When you are choosing to link data between objects you are telling Blender that these objects share the same data. It's not just that when you edit one object Blender will edit the other object to match, it's that they both reference the same data.
To explain this further, imagine 3 objects, each with their own object data:

You can think of this as 6 units that Blender has to save: 3 object data blocks and 3 object blocks.
Now, if were were to link the data of these three objects it would look like this:

Now there are only 4 units Blender has to save: 1 object data block and 3 object blocks. Obviously, only having to save 4 instead of 6 blocks of data will result in a smaller file.
The more objects that share each other's data, the more memory is saved.
When objects that share data are joined, you can imagine Blender first separating all the data so each object has its own object data (like image 1) and then joining the objects together. Yes, that would result in only 2 data blocks (1 object and 1 object data), but the object data would now contain 3 times the number of vertices (from merging the 3 separate object data blocks), resulting in the file size going back up.

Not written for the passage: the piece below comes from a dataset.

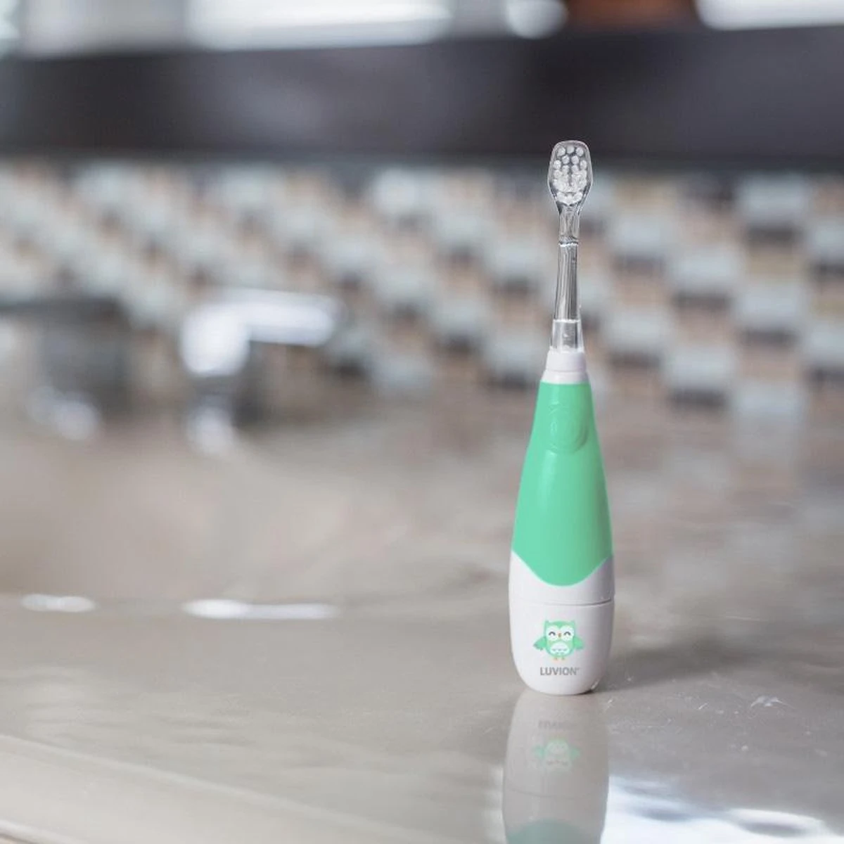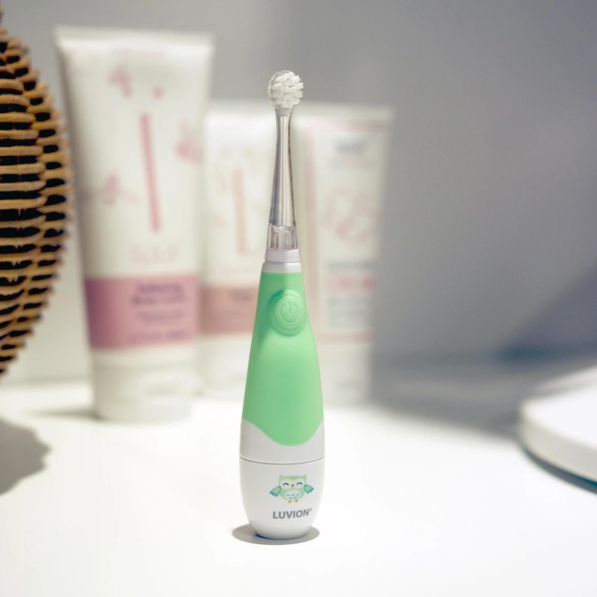 Met deze Luvion elektrische baby tandenborstel poets veilig en goed de eerste tandjes van je kleine baby of peuter. De sonisch pulserend bewegende borstelkop zorgt er dankzij de 16000 bewegingen per minuut voor dat de tanden zeer goed worden schoongemaakt.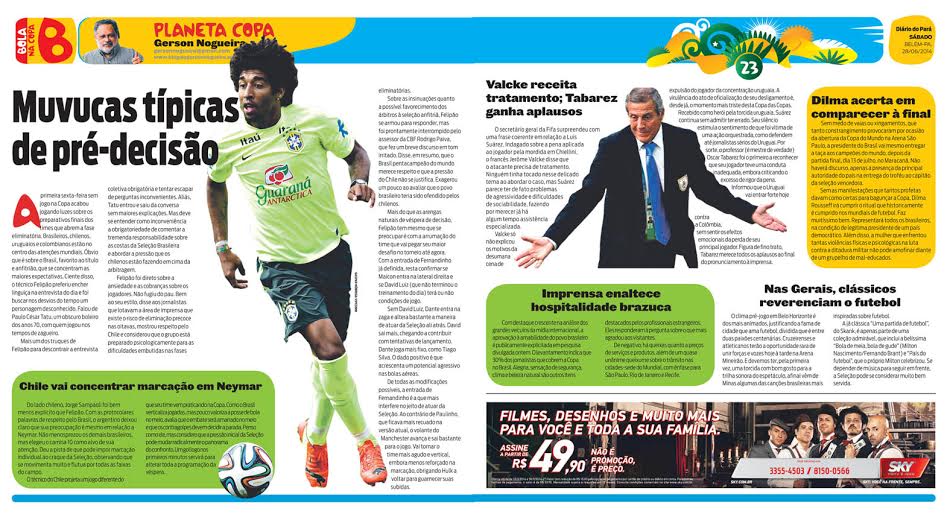 O técnico do Chile projeta um jogo diferente do que seu time vem praticando na Copa. Como o Brasil verticaliza jogadas, mas pouco valoriza a posse de bola no meio, avalia que o embate será amarrado no meio e que os contragolpes devem decidir a parada. Penso como ele, mas considero que a pressão inicial da Seleção pode mudar radicalmente o panorama do confronto. Um gol logo nos primeiros minutos servirá para alterar toda a programação da véspera.

To summarise, if objects are using linked data, the data is shared so the file will be smaller, but when objects are joined, any memory sharing is lost as all vertices (and any other data) are joined into one object data block.
There shouldn't be any trouble with using linked data in another scene, the only issue that can occur is forgetting the object is linked, editing the object and then realising all the other objects have now been edited, which might have been unintended.